Stored items:
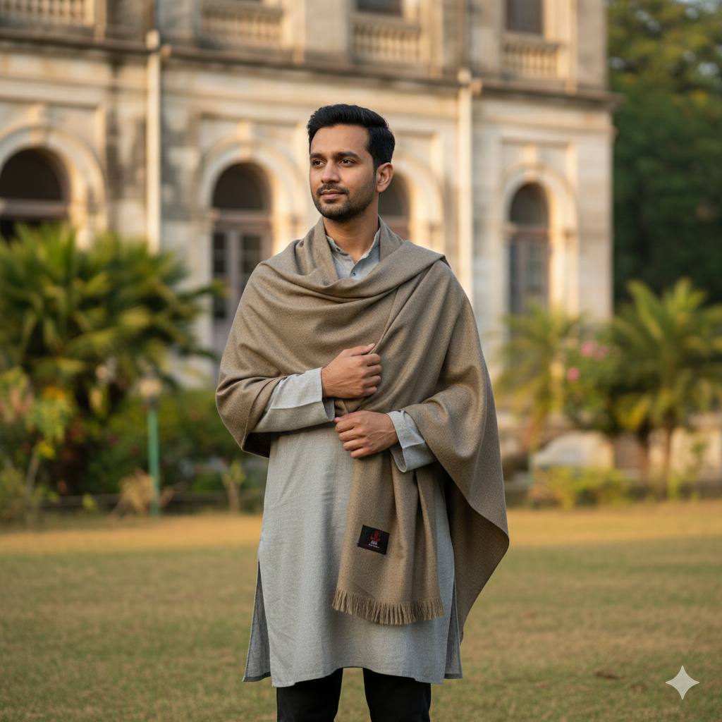 Introducing the Modella Shawl Lohi in a sleek dark brown color. This men's shawl, also known as a "gents shawl," is a perfect winter gifting option. Stay warm and stylish with the Lohi, a must-have for the colder months ahead.
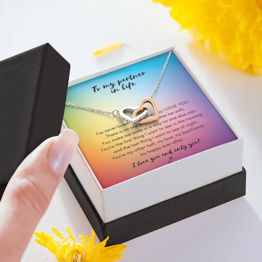 Two hearts embellished with Cubic Zirconia stones interlocked together as a symbol of never-ending love. Made with high-quality polished surgical steel. The cable chain measures 18 inches with a 4-inch extension and fastens with a lobster clasp.
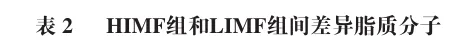 为进一步揭示HIMF组与LIMF组间脂质分子的差异特征,本实验以变量投影重要性(VIP)>1和P<0.05为差异脂质分子筛选标准。如表2所示,共筛选出6 种TG、6 种PE和5 种Hex1Cer等25 种差异脂质分子(上调8 种,下调17 种)。TG类脂质(如TG(16:1_18:1_18:3)、TG(18:1_18:1_18:2)、TG(18:1_18:2_18:3)等)在HIMF组中显著上调,而PA(25:0_18:2)、PC(16:0_20:4)、PE(18:2e_20:1)、PE(18:2e_20:4)、PE(16:1e_18:1)等磷脂类脂质在HIMF组中大多呈现显著下调趋势。HIMF组中TG(16:1_18:1_18:3)、TG(18:1_18:1_18:2)等5 种TG含量显著高于LIMF组。这类TG富含的不饱和脂肪酸链(如18:1、18:2、18:3)是加热过程中脂肪氧化生成酯类、醛类物质的核心前体,其高含量为HIMF组特征风味物质的生成提供了物质基础。
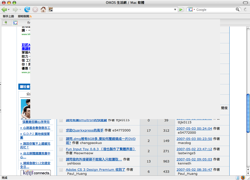 Mozilla/5.0 (Macintosh; U; Intel Mac OS X; zh-TW; rv:1.8.1) Gecko/20061010 Firefox/2.0
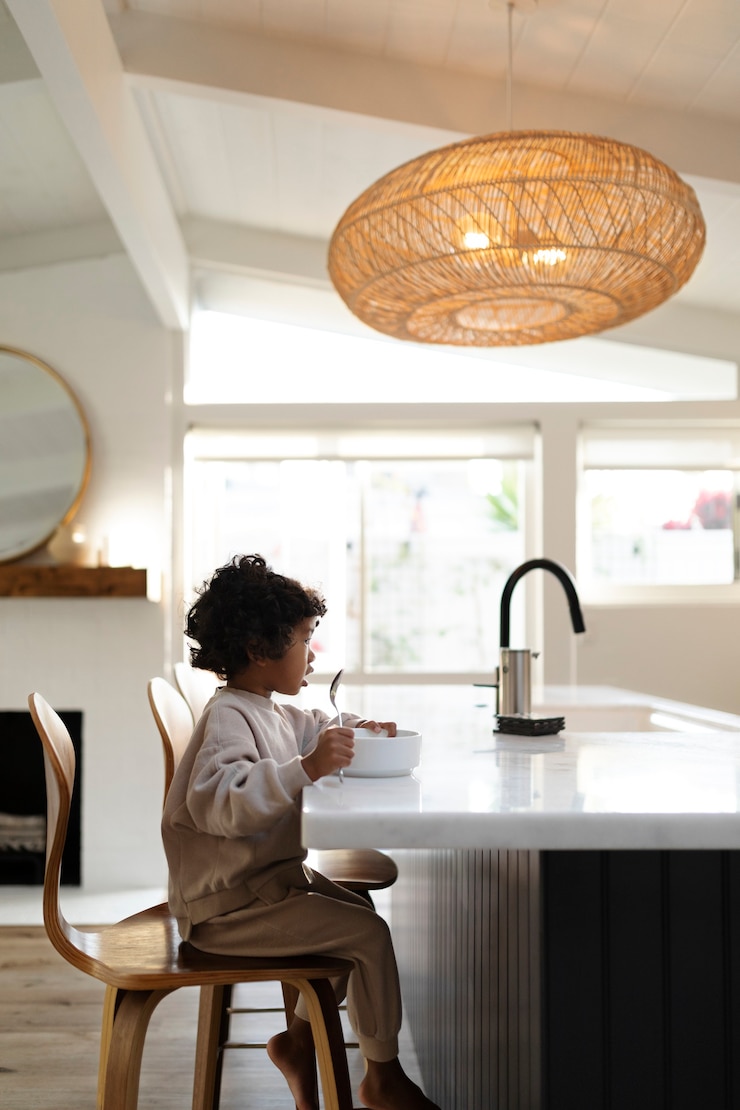 Кухня-гостиная отличается яркими терракотовыми деталями: диваном и декоративными подушками, дополненными теплыми оттенками древесины. Картина, созданная художницей Александрой Марковой по индивидуальному заказу, украшает помещение и гармонично объединяет все цвета интерьера. Балкон переоборудован в кабинет с зоной отдыха, где можно насладиться книгой и чашкой кофе.
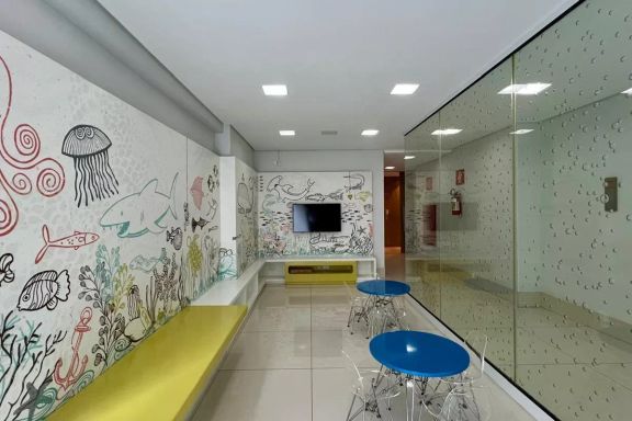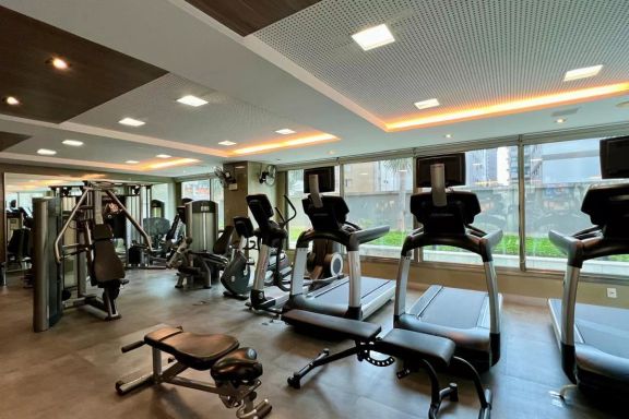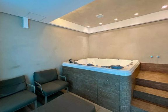 Portaria 24h, Alarme, Hall social decorado, Elevador, Salão de festas, Espaço gourmet, Espaço kids, Academia, Piscina coberta e descoberta, Quadra esportiva, Sauna, Água e gás individual, Aquecimento solar.
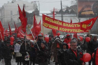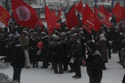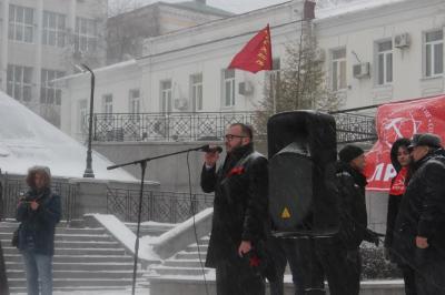 Шествие в колонне проходило с озвучиванием лозунгов ЦК КПРФ, воспроизведением революционных песен. Вопреки ураганному ветру и метели, колонна прошла до места проведения митинга у памятника В.И. Ленину. К памятнику В. И. Ленину от имени демонстрантов был возложен венок и цветы.

__ACTIVITY__: Repeat, exactly and with no pictures, each line from the line that holds "种TG、6 种PE和5 种Hex1Cer等25" through the last line of the records above.

__ANSWER TO THIS EXERCISE__:
 为进一步揭示HIMF组与LIMF组间脂质分子的差异特征,本实验以变量投影重要性(VIP)>1和P<0.05为差异脂质分子筛选标准。如表2所示,共筛选出6 种TG、6 种PE和5 种Hex1Cer等25 种差异脂质分子(上调8 种,下调17 种)。TG类脂质(如TG(16:1_18:1_18:3)、TG(18:1_18:1_18:2)、TG(18:1_18:2_18:3)等)在HIMF组中显著上调,而PA(25:0_18:2)、PC(16:0_20:4)、PE(18:2e_20:1)、PE(18:2e_20:4)、PE(16:1e_18:1)等磷脂类脂质在HIMF组中大多呈现显著下调趋势。HIMF组中TG(16:1_18:1_18:3)、TG(18:1_18:1_18:2)等5 种TG含量显著高于LIMF组。这类TG富含的不饱和脂肪酸链(如18:1、18:2、18:3)是加热过程中脂肪氧化生成酯类、醛类物质的核心前体,其高含量为HIMF组特征风味物质的生成提供了物质基础。
 Mozilla/5.0 (Macintosh; U; Intel Mac OS X; zh-TW; rv:1.8.1) Gecko/20061010 Firefox/2.0
 Кухня-гостиная отличается яркими терракотовыми деталями: диваном и декоративными подушками, дополненными теплыми оттенками древесины. Картина, созданная художницей Александрой Марковой по индивидуальному заказу, украшает помещение и гармонично объединяет все цвета интерьера. Балкон переоборудован в кабинет с зоной отдыха, где можно насладиться книгой и чашкой кофе.
 Portaria 24h, Alarme, Hall social decorado, Elevador, Salão de festas, Espaço gourmet, Espaço kids, Academia, Piscina coberta e descoberta, Quadra esportiva, Sauna, Água e gás individual, Aquecimento solar.
 Шествие в колонне проходило с озвучиванием лозунгов ЦК КПРФ, воспроизведением революционных песен. Вопреки ураганному ветру и метели, колонна прошла до места проведения митинга у памятника В.И. Ленину. К памятнику В. И. Ленину от имени демонстрантов был возложен венок и цветы.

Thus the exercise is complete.